The Northport Patch. “Three senior executives at a Long Island mortgage lender were arrested for their role in committing a $8.9 million fraud, according to the U.S. Attorney’s Office. Edward E. Bohm, 39, of Nissequogue, Edward J. Sypher, Jr., 40, of Scarsdale and Matthew T. Voss, 42, of Norhtport, all senior executives at Vanguard Funding, LLC (Vanguard), were charged with conspiracy to commit wire and bank fraud by using millions of dollars in warehouse loans for Vanguard to fund mortgages, according to the U.S. Attorney.”

“The trio misused the loans to pay personal expenses and compensation, as well as to repay earlier fraudulently obtained loans, the U.S. Attorney said. Between August 2016 and March 2017, Voss, Vanguard’s COO, Sypher, the CFO, and Bohm, the president of sales, engaged in a scheme in which they obtained warehouse loans, or short-term loans, for the company by falsely representing that Vanguard would use the proceeds of those loans to fund mortgages or mortgage refinancing for clients, the U.S. Attorney said. ‘At the end of the day, the s— we did wasn’t to the public,’ Bohm said in part, according to the complaint.”

“‘As alleged, the defendants – executives of a mortgage lender – defrauded banks into lending them money by stating that the money would fund new mortgages or refinance existing ones,’ Acting United States Attorney Bridget Rohde said. ‘We will continue to address dishonesty in the mortgage industry whether the victims are financial institutions, investors, or homeowners, as it ultimately hurts all of us as a community.’”

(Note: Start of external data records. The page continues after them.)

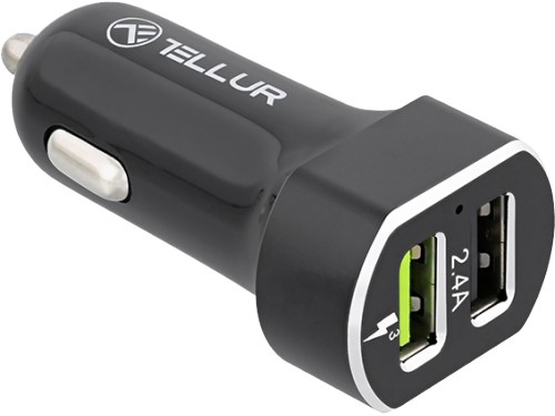 USB Car Charger - Tellur FCC6, 2xUSB (QC 3.0 + 1.5A), Black TLL151191
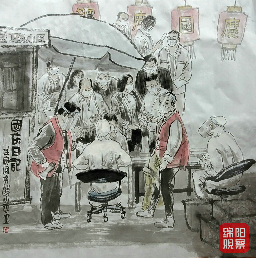 我还看到,绵阳画家鲜小云在看到做核酸的医务人员和志愿者的场景后,创作了市民生活画《国庆日记》;女书法家张平和女儿在家里临摹起《千字文》,书写与国庆有关的文字……绵阳文艺家们用一份匠心与柔情,以他们特有的方式,记录这段特殊的时期。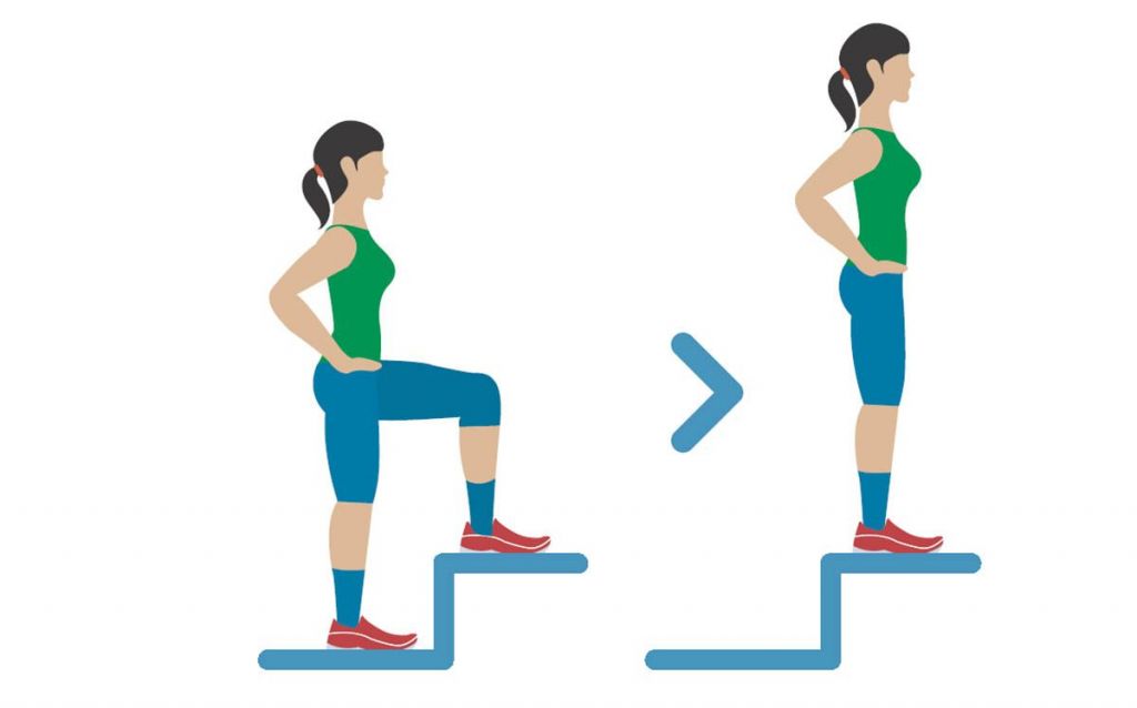 Manos en la cintura y un paso adelante hasta que la cadera quede a la altura de la rodilla, sin que ésta sobrepase la vertical del pie. Medio minuto con cada pierna.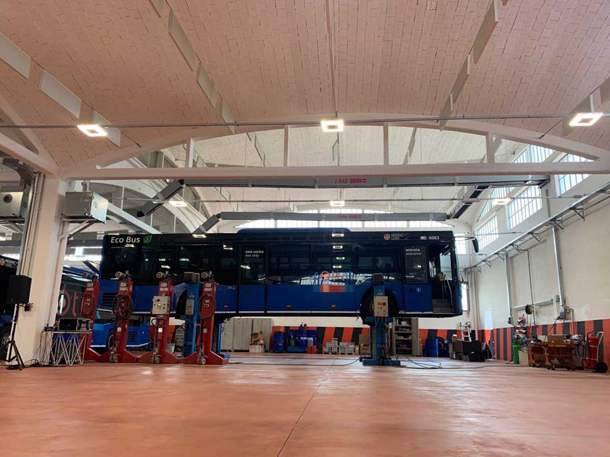 Gli interventi di ristrutturazione hanno riguardato anche il rifacimento del piazzale esterno e delle recinzioni, dell’impianto di depurazione delle acque piovane e di quelle di scarico provenienti dell’arco di lavaggio dei bus, oltre alla realizzazione di un nuovo impianto di illuminazione a led in ottica di risparmio energetico. All’interno del grande edificio che fino ad oggi ha ospitato soltanto gli uffici, tutti gli ambienti (sala d’attesa per i clienti, locali tecnici, servizi igienici e spogliatoi) sono stati trasformati con particolare attenzione al comfort e alla qualità di materiali e arredi.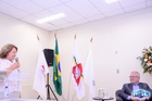 Presidindo a solenidade, a juíza diretora do Foro, Dra. Maria Tereza Horbatiuk Hypolito, abriu os discursos destacando a dimensão histórica da trajetória de Fátimo, atual contador judicial da comarca e servidor que completou mais de 50 anos de dedicação ao Judiciário. Em sua fala, a magistrada ressaltou que a Medalha Desembargador Hélio Costa simboliza ética e compromisso, valores que, segundo ela, Fátimo incorporou com rigor exemplar. A juíza lembrou episódios curiosos da rotina do homenageado, a precisão técnica de seu trabalho e sua importância na formação de gerações de servidores e magistrados.
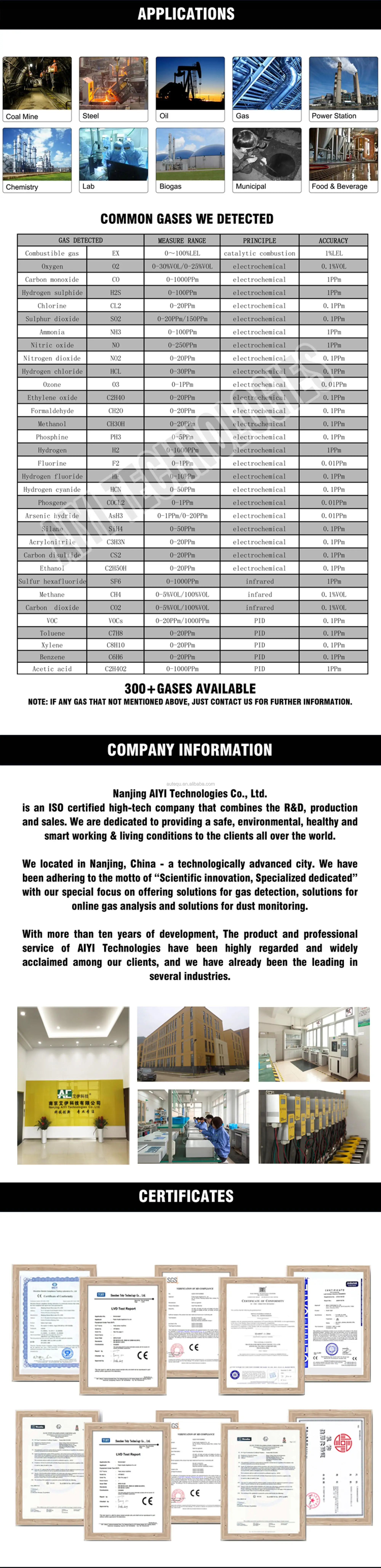 | Brand Name: | AIYI; | Measure Range: | LEL:0-100%,O2:0-30%, CO:0-1000ppm, H2S:0-100ppm,customized; |
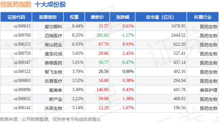 证券之星消息,12月1日,创医药(399275)指数报收于2740.12点,涨1.04%,成交136.61亿元,换手率1.36%。当日该指数成份股中,上涨的有38家,常山药业以8.93%的涨幅领涨,下跌的有10家,百普赛斯以3.65%的跌幅领跌。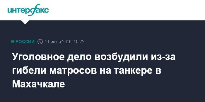Москва. 11 июня. INTERFAX.RU - Уголовное дело возбуждено по факту гибели членов экипажа танкера в Махачкале, сообщает пресс-служба Южного следственного управления СК РФ.
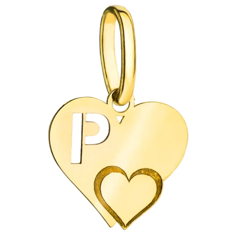 Złota Zawieszka Literka ''P'' w Sercu 585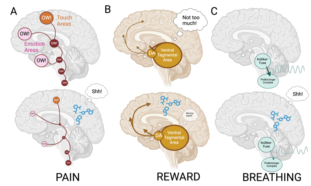 When you think of breathing, you probably think about your lungs. But the nervous system also plays a key role in breathing. Opioid receptors in a part of the brain called the brainstem are probably the culprit for the drugs’ breathing disruptions. Two brainstem areas that control breathing are particularly packed with opioid receptors. The first is called the PreBötzinger complex, and it produces a steady breathing rhythm for us in response to how much oxygen we are using.8 The second area is called the Kolliker-Fuse nucleus, and its activity keeps that rhythm steady (Figure 2C). Together, they work together to make sure we are taking in enough oxygen to keep us alive and feeling good.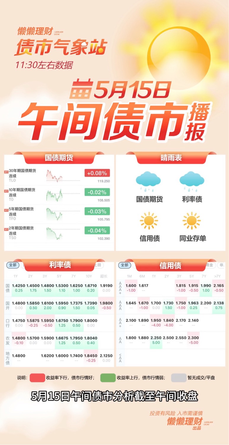 5月15日午间债市分析:截至午间收盘国债期货小雨天 ,利率债小雨天,信用债小晴天,同业存单小晴天。早盘股债均显弱势,沪指由3400点回落至3390点附近震荡,国债期货小幅高开,盘中震荡走弱全线翻绿,近午间收盘小幅反弹。债市收益率早盘普遍小幅上行,整体曲线走势仍平坦,10年国债收益率运行在1.67%一线。券商为卖盘主力,基金为10年国开债主要卖方,银行、保险买债力量逐步增强。关注我,每天债市行情不迷路!#央行降准降息!市场会如何反应?# #债券基金#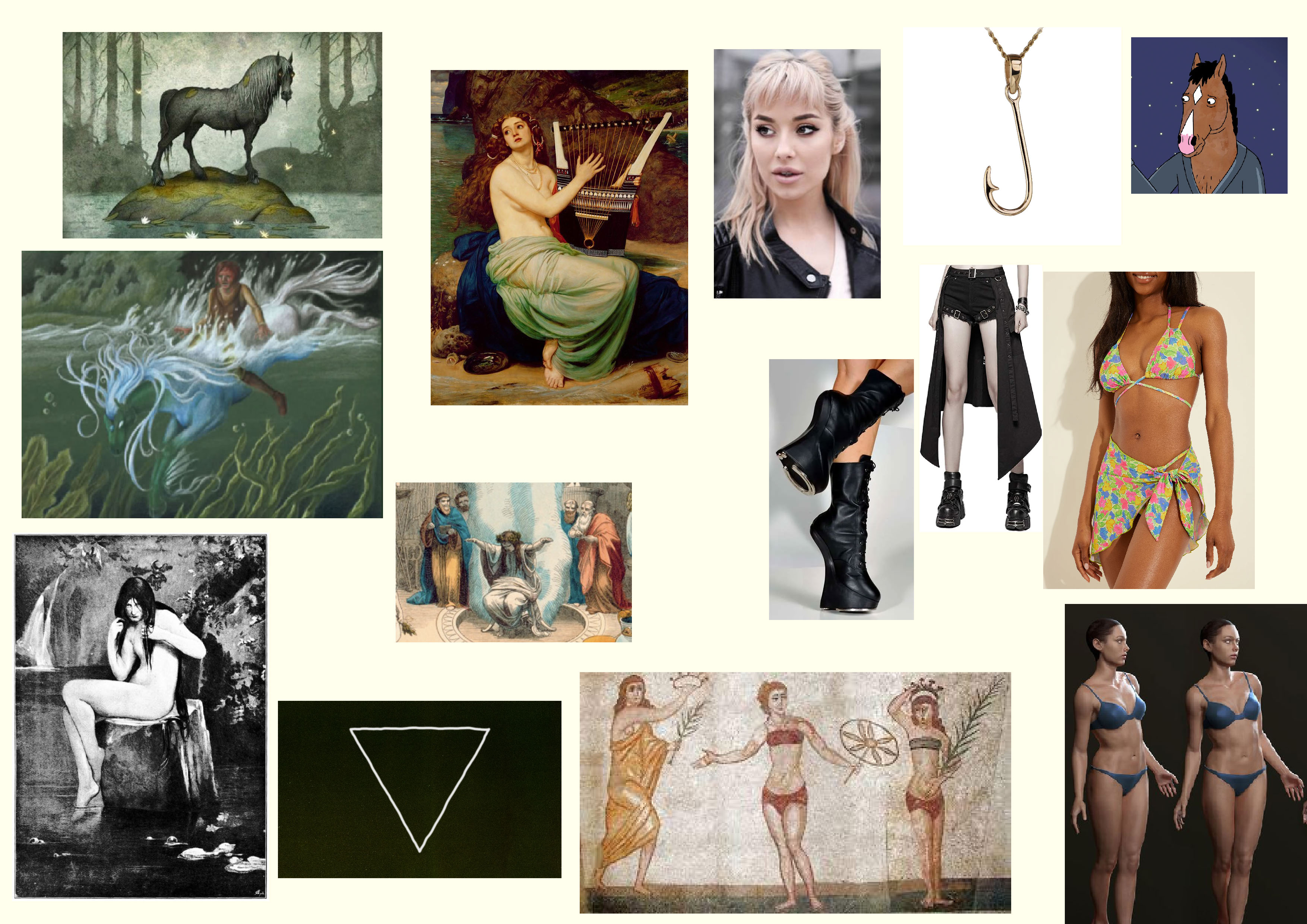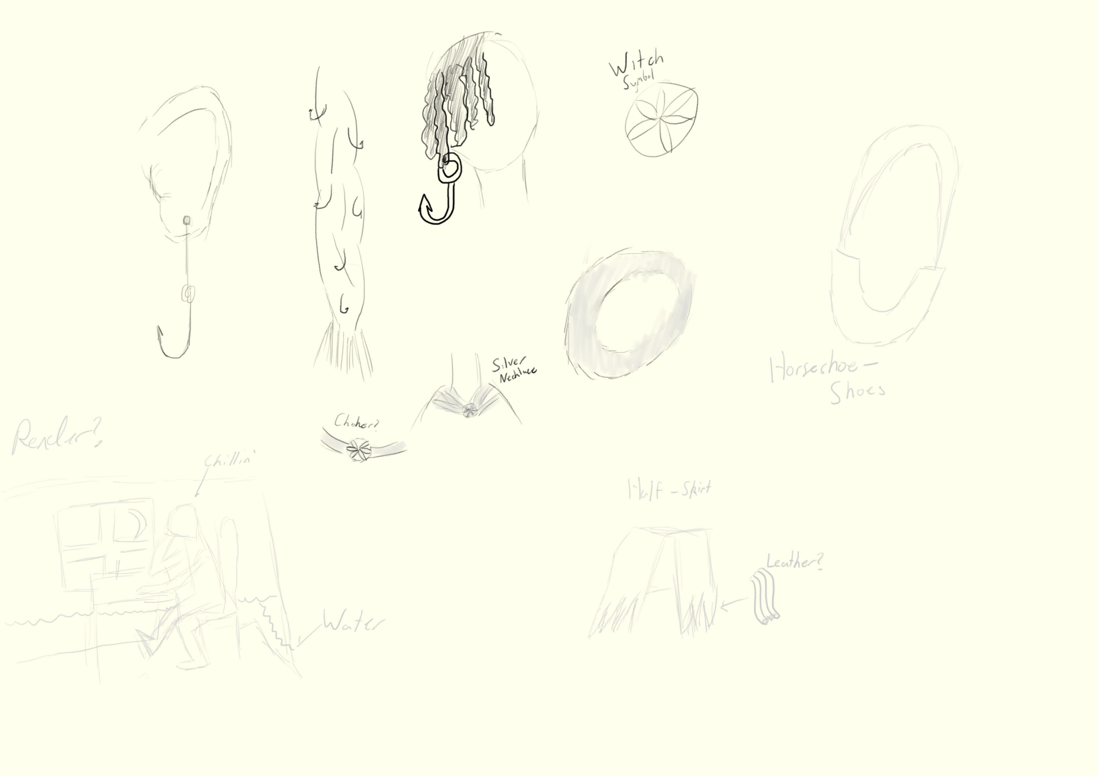 My design is inspired by the tales of the Kelpie, a mythical creature from Scottish Legend. The Kelpie is a water horse known for using tricks to drown people. In some tales, they trick children onto their backs and ride them into nearby lakes due to their sticky-trap manes. In other stories, they shapeshift into humans, but can be discovered once touching on their necklaces (replacing their bridles in human form)

The Ambler Gazette in Pennsylvania. “A Blue Bell man was indicted Aug. 23 for carrying out an alleged scheme to defraud the federal government by providing inflated appraisals of properties seeking to obtain Home Equity Conversion Mortgages. Eugene Peter Kenworthy Jr., 50, was indicted on charges of wire fraud, false statements for the purpose of influencing the Federal Housing Administration, aggravated identity theft, and failure to file a tax return, according to the U.S. Attorney’s Office.”

“HECM loans, commonly referred to as reverse mortgages, are insured by the Federal Housing Authority, the indictment states. When a borrower, or estate, sells a property on which an HECM loan was taken, if the proceeds of the sale are insufficient to repay the loan, the FHA pays the lender the deficit. Kenworthy allegedly inflated the appraisals of properties for which he submitted reports to certify the HECM loans, resulting in the payment of more than $3 million by the FHA to cover loans that went into default. The charges against him grew out of a grand jury investigation, according to the indictment.”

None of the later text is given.